A national debate on the relevance and continuance of non-state legal mechanisms — Shariat courts or khap panchayats – which militate against the rights-based approach to justice in modern states – is definitely the need of the hour. It will allow us to examine the anxious relationship between modernity and tradition, whether Shariat courts and khap panchayats exist in contravention of constitutional law and even the rule of law and whether it is time the government devised a uniform civil code.

No system of law should be allowed to be interpreted In India if it violates constitution of India.
Local laws as a specialization is fine for a local community but it cannot infringe on the rights granted by the constitution and by federal laws

It is a good time to have such a discussion in India - hopefully all this will happen without violent outbreaks
 
Majority of Indians have been clamoring for a dialogue and clear understanding of these religious discrepancy in Indian personal law. Bjp and their supporters have been blaming the congress party for this mess. It is an opportunity for the ruling party with a majority in parliament, and now armed with this crucial ruling from SC to change the Indian constitution.
Will they attempt to do so? Only time will tell.
 
Majority of Indians have been clamoring for a dialogue and clear understanding of these religious discrepancy in Indian personal law. Bjp and their supporters have been blaming the congress party for this mess. It is an opportunity for the ruling party with a majority in parliament, and now armed with this crucial ruling from SC to change the Indian constitution.
Will they attempt to do so?
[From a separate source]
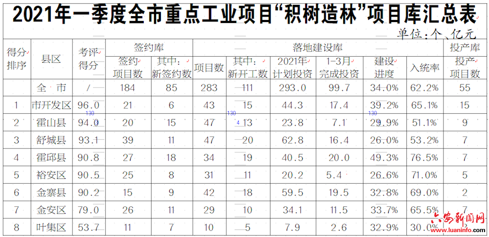根据“积树造林”工程考评指标体系,对一季度各县区工业投资增速、技改投资增速、签约数、开工数、投资进度、完成投资额、投产数、入统率等8项指标打分排序,得分由高到低依次为:市开发区96.0分、霍山县94.0分、舒城县93.1分、霍邱县90.8分、裕安区90.5分、金寨县90.2分、金安区79.0分、叶集区53.7分。

Only time will tell.

While I cannot claim much knowledge about Indian constitution I suppose it must be aligned with common sense Dharma much like most of US Constitution is in my understanding.

The issue is that a state cannot promote any religion-based laws if it has to have a future (and common sense Dharma has nothing to do with Hinduism per se because these are self evident laws that all human being even without formal education know about).

What is needed is to clarify what aspects of Sharia Laws are in alignment with Indian Constitution and not change the constitution itself in the first step.
 
A common or uniform personal law is immaterial when the government cannot even ensure common public law. Eg. A slew of laws such as RTE with exemptions along communal lines. Media discourse over Shariat and Khap Panchayats is just to pull wool over unsuspecting eyes and keep discussion away from discriminatory public laws.